◆ **Data section**:
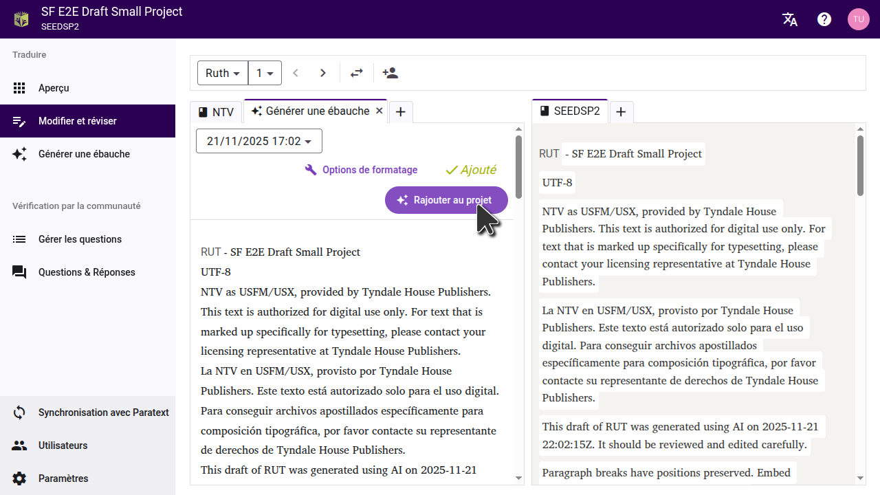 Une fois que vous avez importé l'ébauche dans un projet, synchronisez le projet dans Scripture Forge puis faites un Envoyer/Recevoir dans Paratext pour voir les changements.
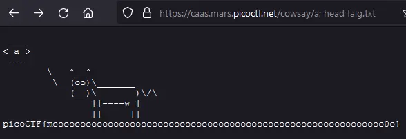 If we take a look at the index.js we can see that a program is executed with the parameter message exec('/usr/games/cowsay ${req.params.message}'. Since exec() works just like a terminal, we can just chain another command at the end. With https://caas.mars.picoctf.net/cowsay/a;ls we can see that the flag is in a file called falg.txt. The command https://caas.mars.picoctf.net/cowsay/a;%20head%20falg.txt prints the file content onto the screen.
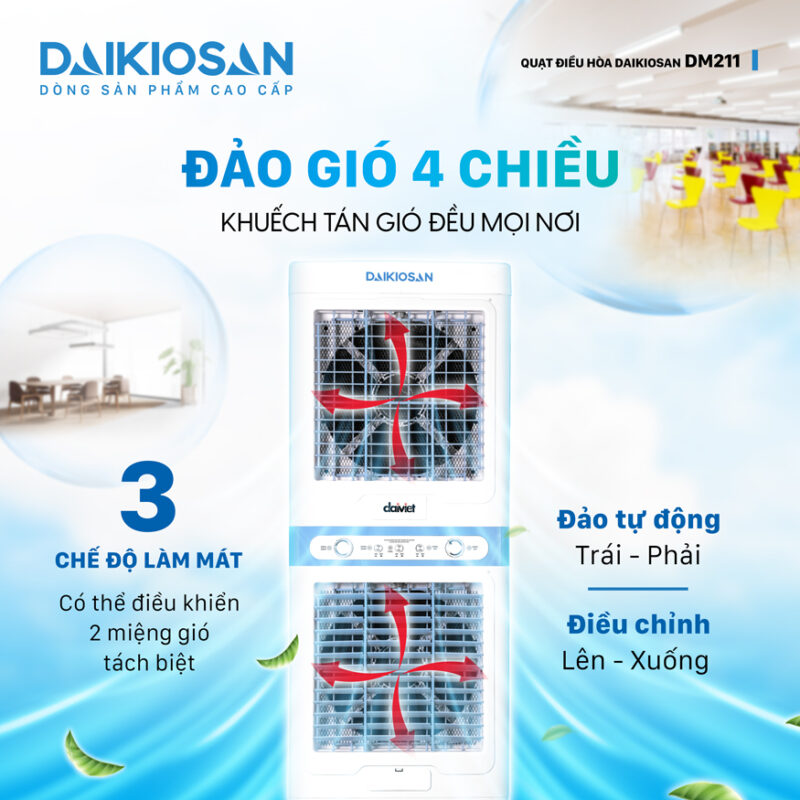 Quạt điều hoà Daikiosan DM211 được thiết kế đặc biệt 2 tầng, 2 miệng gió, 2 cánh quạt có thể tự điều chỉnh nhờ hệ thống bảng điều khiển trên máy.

--

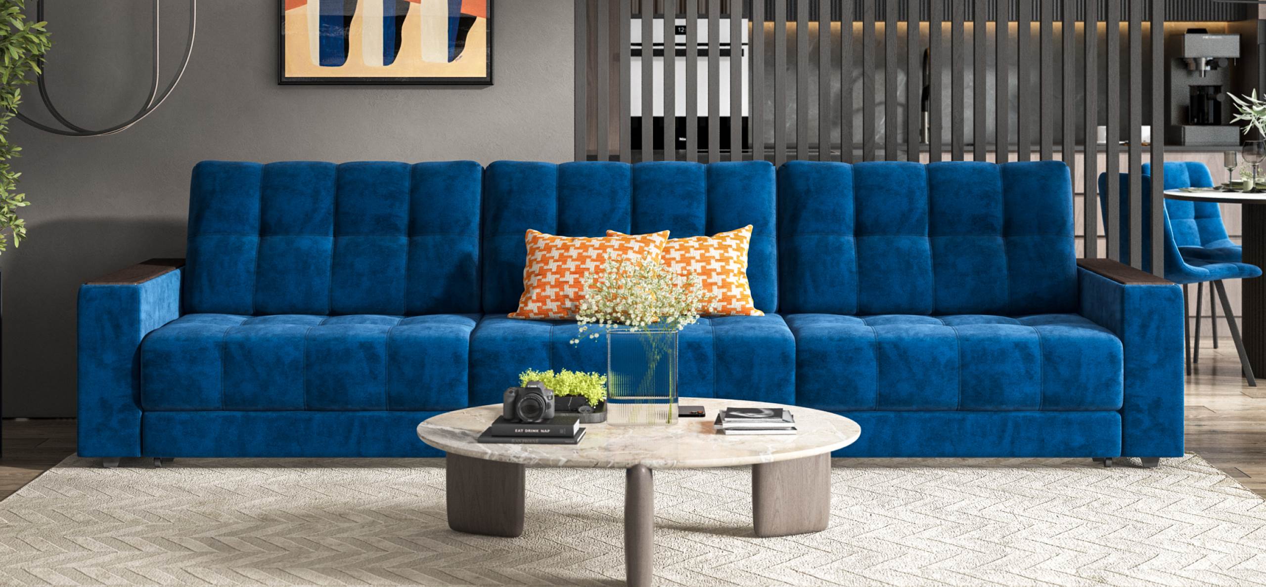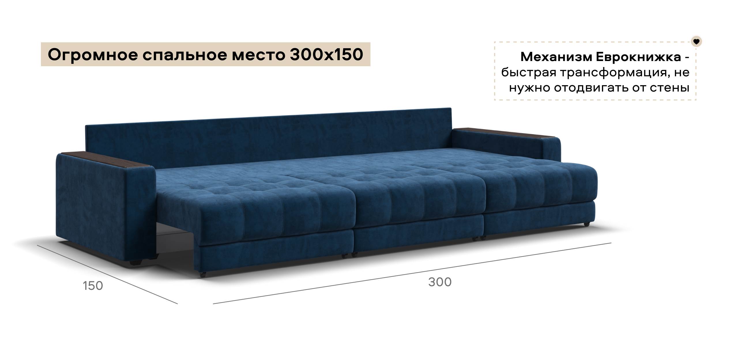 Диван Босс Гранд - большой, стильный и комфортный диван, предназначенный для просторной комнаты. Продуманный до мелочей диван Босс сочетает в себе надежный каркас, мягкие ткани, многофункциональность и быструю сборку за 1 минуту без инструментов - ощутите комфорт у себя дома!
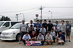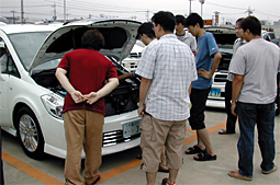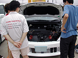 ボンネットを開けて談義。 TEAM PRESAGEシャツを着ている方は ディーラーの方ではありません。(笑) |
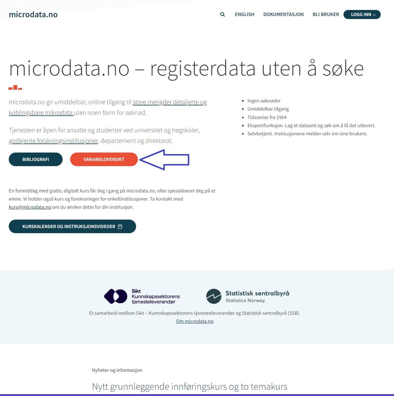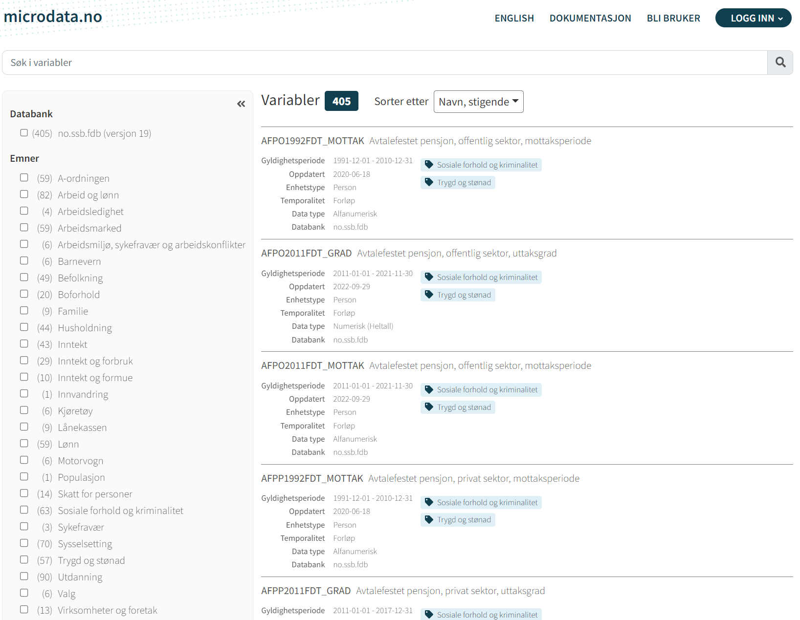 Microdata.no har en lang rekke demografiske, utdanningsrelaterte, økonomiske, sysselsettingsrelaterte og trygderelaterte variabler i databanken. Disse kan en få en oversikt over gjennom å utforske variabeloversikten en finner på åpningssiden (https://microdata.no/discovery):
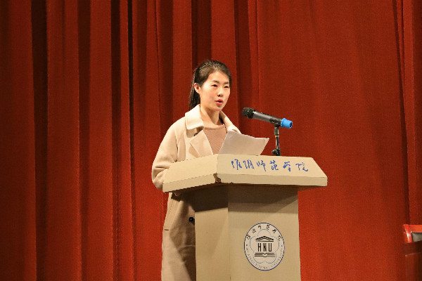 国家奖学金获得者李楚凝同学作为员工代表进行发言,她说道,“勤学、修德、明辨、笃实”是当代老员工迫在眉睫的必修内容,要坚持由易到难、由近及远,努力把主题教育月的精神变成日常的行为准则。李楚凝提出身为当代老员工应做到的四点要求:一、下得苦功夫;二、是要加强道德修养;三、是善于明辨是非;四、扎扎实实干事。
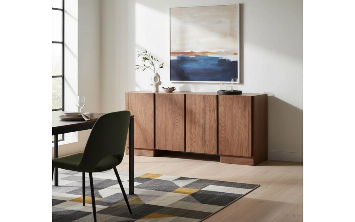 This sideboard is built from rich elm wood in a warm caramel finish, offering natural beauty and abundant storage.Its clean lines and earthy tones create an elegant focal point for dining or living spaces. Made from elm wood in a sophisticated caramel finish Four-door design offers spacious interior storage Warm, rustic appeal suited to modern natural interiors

* * *

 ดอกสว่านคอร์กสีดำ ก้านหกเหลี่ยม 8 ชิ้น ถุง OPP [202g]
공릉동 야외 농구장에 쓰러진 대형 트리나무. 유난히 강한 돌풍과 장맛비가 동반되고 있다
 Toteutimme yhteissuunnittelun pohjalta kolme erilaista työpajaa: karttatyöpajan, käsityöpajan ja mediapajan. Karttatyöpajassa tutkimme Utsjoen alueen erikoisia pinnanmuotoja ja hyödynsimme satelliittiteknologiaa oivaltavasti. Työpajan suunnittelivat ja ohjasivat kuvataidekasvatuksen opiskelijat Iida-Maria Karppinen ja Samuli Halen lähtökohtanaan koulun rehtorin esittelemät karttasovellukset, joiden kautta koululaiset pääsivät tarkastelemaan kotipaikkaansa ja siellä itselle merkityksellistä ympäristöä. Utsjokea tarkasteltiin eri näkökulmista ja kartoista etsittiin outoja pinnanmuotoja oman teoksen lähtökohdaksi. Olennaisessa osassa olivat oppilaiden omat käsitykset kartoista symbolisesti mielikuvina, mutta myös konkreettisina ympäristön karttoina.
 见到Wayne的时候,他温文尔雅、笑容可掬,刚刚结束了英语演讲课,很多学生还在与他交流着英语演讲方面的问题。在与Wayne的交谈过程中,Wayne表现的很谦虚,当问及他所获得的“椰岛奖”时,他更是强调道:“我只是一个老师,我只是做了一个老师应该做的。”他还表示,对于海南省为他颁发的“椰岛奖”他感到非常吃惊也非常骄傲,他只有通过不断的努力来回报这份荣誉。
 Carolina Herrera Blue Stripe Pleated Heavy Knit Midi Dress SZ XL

◆ **Task goal**:
Exercise for the records above: copy only the lines from the one with "ボンネットを開けて談義。 TEAM PRESAGEシャツを着ている方は" to the one with "国家奖学金获得者李楚凝同学作", both ends kept, and drop the pictures.

◆ **Response to this task**:
 ボンネットを開けて談義。 TEAM PRESAGEシャツを着ている方は ディーラーの方ではありません。(笑) |
 Microdata.no har en lang rekke demografiske, utdanningsrelaterte, økonomiske, sysselsettingsrelaterte og trygderelaterte variabler i databanken. Disse kan en få en oversikt over gjennom å utforske variabeloversikten en finner på åpningssiden (https://microdata.no/discovery):
 国家奖学金获得者李楚凝同学作为员工代表进行发言,她说道,“勤学、修德、明辨、笃实”是当代老员工迫在眉睫的必修内容,要坚持由易到难、由近及远,努力把主题教育月的精神变成日常的行为准则。李楚凝提出身为当代老员工应做到的四点要求:一、下得苦功夫;二、是要加强道德修养;三、是善于明辨是非;四、扎扎实实干事。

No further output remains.